Input data:
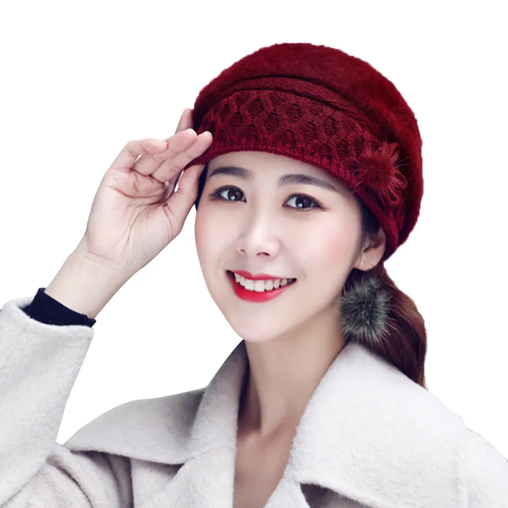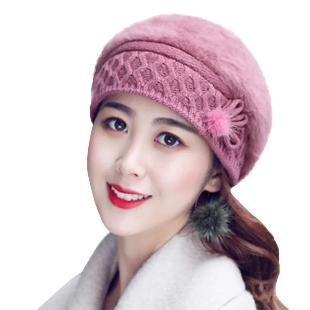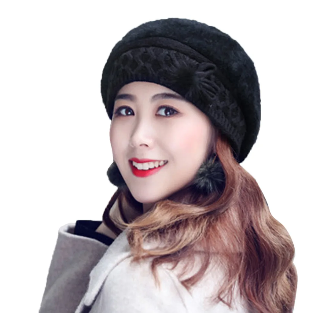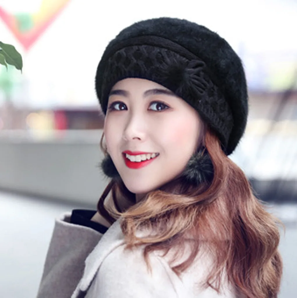 Женская зимняя теплая шапка с бантиком берет плетеная мешковатая вязаная крючком Шапка Лыжная Шапка Кепка
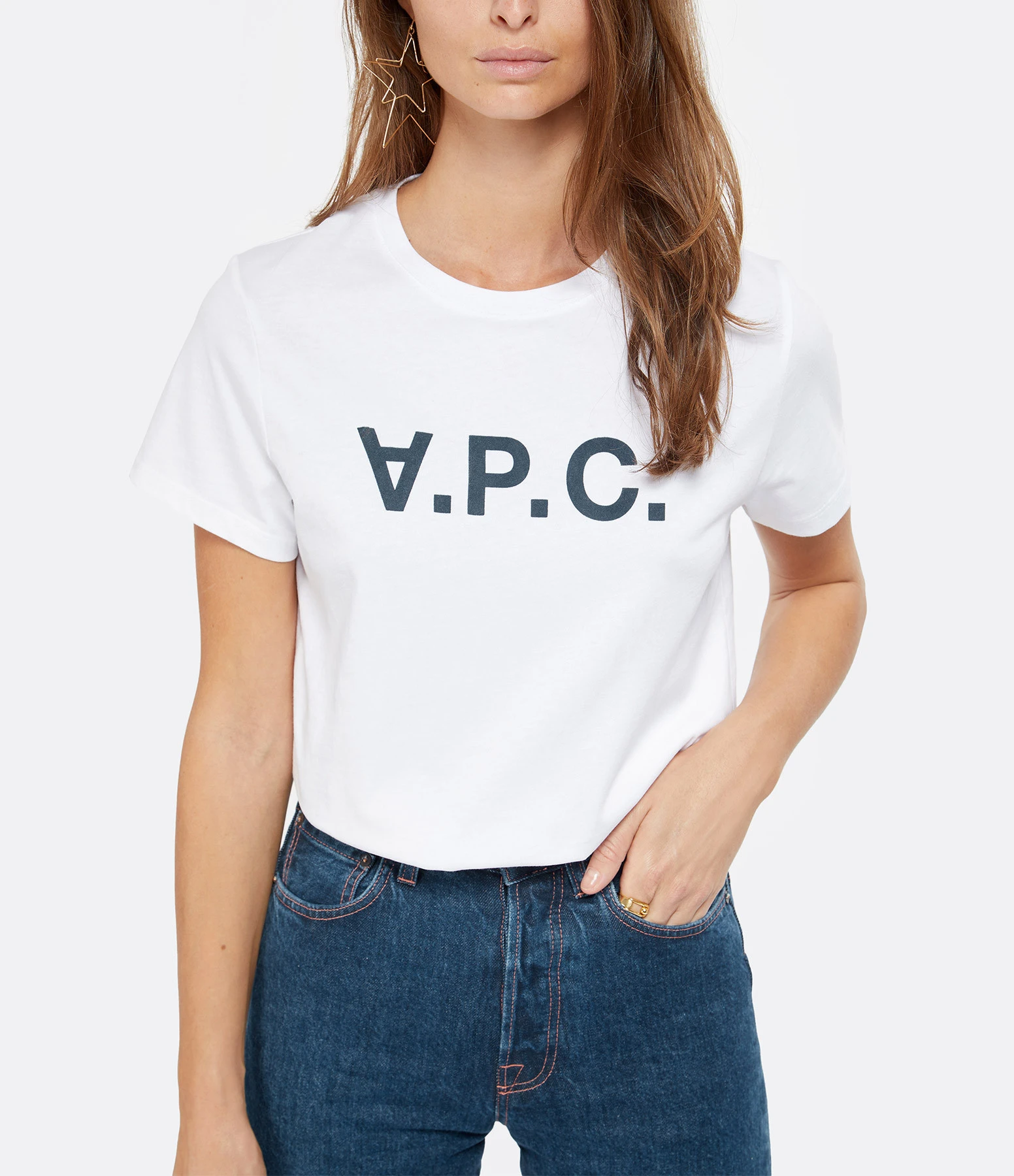 Tee-shirt en coton blanc. Inscription « A.P.C » en bleu marine à l’avant. Col rond. Manches courtes. Coupe droite. Base droite.
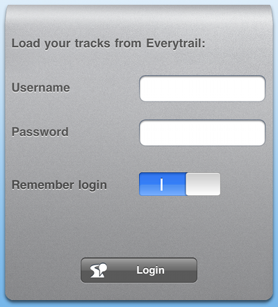 Füge Deinen Benutzernamen und Dein Passwort ein, um Tracks von everytrail zu laden. Deine Eingaben werden gespeichert, damit sie nicht jedes mal von Neuem eingeben werden müssen. Dies kannst Du verhindern, indem Du den Regler 'Remember Login' auf '0' schiebst.

Brief: Without the pictures, give every line of the data again, exactly as written.

Exercise output:
 Женская зимняя теплая шапка с бантиком берет плетеная мешковатая вязаная крючком Шапка Лыжная Шапка Кепка
 Tee-shirt en coton blanc. Inscription « A.P.C » en bleu marine à l’avant. Col rond. Manches courtes. Coupe droite. Base droite.
 Füge Deinen Benutzernamen und Dein Passwort ein, um Tracks von everytrail zu laden. Deine Eingaben werden gespeichert, damit sie nicht jedes mal von Neuem eingeben werden müssen. Dies kannst Du verhindern, indem Du den Regler 'Remember Login' auf '0' schiebst.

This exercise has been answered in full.